Sorry to hear you’re running into ongoing issues here. I wonder what your server is doing while it hangs. omero admin diagnostics reports the pid of each active server process. From the standard Java Development Kit one can use jstack and give that pid as the argument to get a printout of the current stack trace for that server process’ activity. I would suggest that during the hang you use top or somesuch to see which OMERO processes are eating a lot of CPU and/or memory then running jstack a few times on the offender to get a sample over time of what it is doing. We’d be happy to look at a collection of such captures to help you to figure it out, can even just zip them then upload to http://qa.openmicroscopy.org.uk/qa/upload/. If you could also send us a problematic sample image (public is best, let us know if not) or otherwise make it available to us then we can try it on a test server at OME. I would be surprised if indexer activity prevented login, that may just be a separate issue.

Hi Mark,

thanks for the ideas on the further analysis of this topic. I will try to produce some output with jstack next week and come back to you afterwards.

Have a nice weekend!

Hi @mtbc,

we reproduced the issue today to get some more debug output. Unfortunately the omero processes seem all fine to me. There is also no excessive resource usage on the system by the omero processes. But what I’ve seen now is that our NFS share has been hanging. We store our binary repository and pgsql data on a mounted NFS share. Even in the shell I couldn’t access this share anymore. I’ve seen the hint about proper locking in your documentation, but to be honest, I have no clue how I can influence this. Are these specific mounting options I need to be aware of (e.g. hard/soft, timeout)? Something that needs to be configured on the NFS server? Any more details about “omero best practices” with the binary repository on NFS shares would be much appreciated. In addition I will contact our NFS server admins and verify if our NFS client version might cause issues.

Thanks in advance
Anna

Hi Anna,

Did you manage to get any stack traces during the event yesterday? Seeing those might help us understand what’s blocking. Additionally, could you upload the Blitz-0.log for the time period as well as the import log (from under /OMERO/ManagedRepository) as well as master.err and master.out if they contain anything?

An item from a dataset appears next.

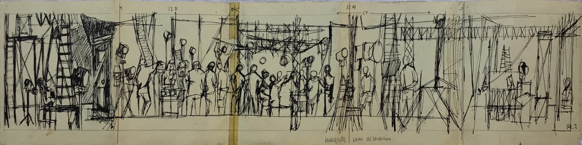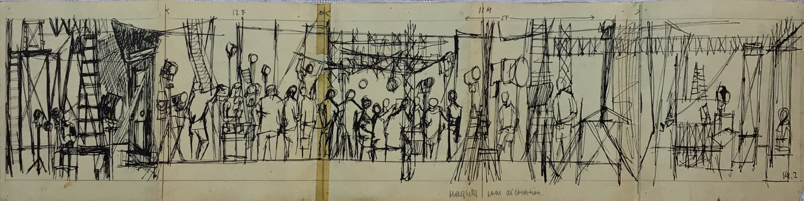 - 1 maquette à l’encre de chine (19x76cm) signée, avec mention « Maquette pour décoration » bm et d’une répartition métrée du projet ; au verso, présence d’un dessin à l’encre abandonné et coupé au profit de la maquette.

If OMERO starts and permits any import to proceed, then I wouldn’t be immediately concerned by the fact that it’s on NFS. Obviously, if it’s the copying of the data to the NFS which is hanging, then we will need to re-review that.

Having PostgreSQL on NFS, however, isn’t something I’ve ever been comfortable doing. It might be worth looking in the PostreSQL log file to see if there’s anything related.

It’s unlikely that the database will grow significantly soon so your best course of action may be to move it to a local filesystem if you have the space available.

:+1:

~Josh

Hi Josh,

I have a log & jstack package for you omero_logs_20200331.zip (373.8 KB) . The logs from ManagedRepository might be indeed interesting. I didn’t touch the system to fix the incident so the logs should show the self-cleaning/self-fixing. The system was unavailable this time from 16:17 until 19:37 which is where the Blitz-0 log is basically empty. That’s what we already observed before. During the test import the first three images succeeded, but then the process stopped at this point:

Our internal disks have enough space to host the pgsql data dir, so I will move it tomorrow and re-test the issue. I will let you know afterwards.

Cheers, Anna

Edit: I didn’t find an error message in the system or database log so far.

Hi Anna,

Indeed, from ManagedRepository/16-11-08.408.log:

2020-03-31 16:17:47,303 DEBUG [    o.s.blitz.repo.ManagedImportRequestI] (1-thread-2) Plane:399 X:0 Y:0 TileWidth:2048 TileHeight:2048 arrayBuf.length:8388608
2020-03-31 16:17:47,517 DEBUG [    o.s.blitz.repo.ManagedImportRequestI] (1-thread-2) Plane:400 X:0 Y:0 TileWidth:2048 TileHeight:2048 arrayBuf.length:8388608
2020-03-31 19:37:45,038 DEBUG [    o.s.blitz.repo.ManagedImportRequestI] (1-thread-2) Plane:401 X:0 Y:0 TileWidth:2048 TileHeight:2048 arrayBuf.length:8388608
2020-03-31 19:37:45,771 DEBUG [    o.s.blitz.repo.ManagedImportRequestI] (1-thread-2) Plane:402 X:0 Y:0 TileWidth:2048 TileHeight:2048 arrayBuf.length:8388608

Various IO “stuff” is proceeding then hangs for over 3 hours then continues. Likely this then leads to your sessions timing out which may have led to some of the downstream exceptions.

From Blitz-0.after:

"Blitz-0-Ice.ThreadPool.Server-403" #63750 prio=5 os_prio=0 tid=0x00007fb8c0008080 nid=0x304c waiting for monitor entry [0x00007fb85ccbc000]
   java.lang.Thread.State: BLOCKED (on object monitor)
        at ch.qos.logback.core.AppenderBase.doAppend(AppenderBase.java:64)
        - waiting to lock <0x00000000b19a1cf0> (a ome.util.logback.SiftingWhileRejectingDefaultAppender)
        at ch.qos.logback.core.spi.AppenderAttachableImpl.appendLoopOnAppenders(AppenderAttachableImpl.java:48)
        at ch.qos.logback.classic.Logger.appendLoopOnAppenders(Logger.java:273)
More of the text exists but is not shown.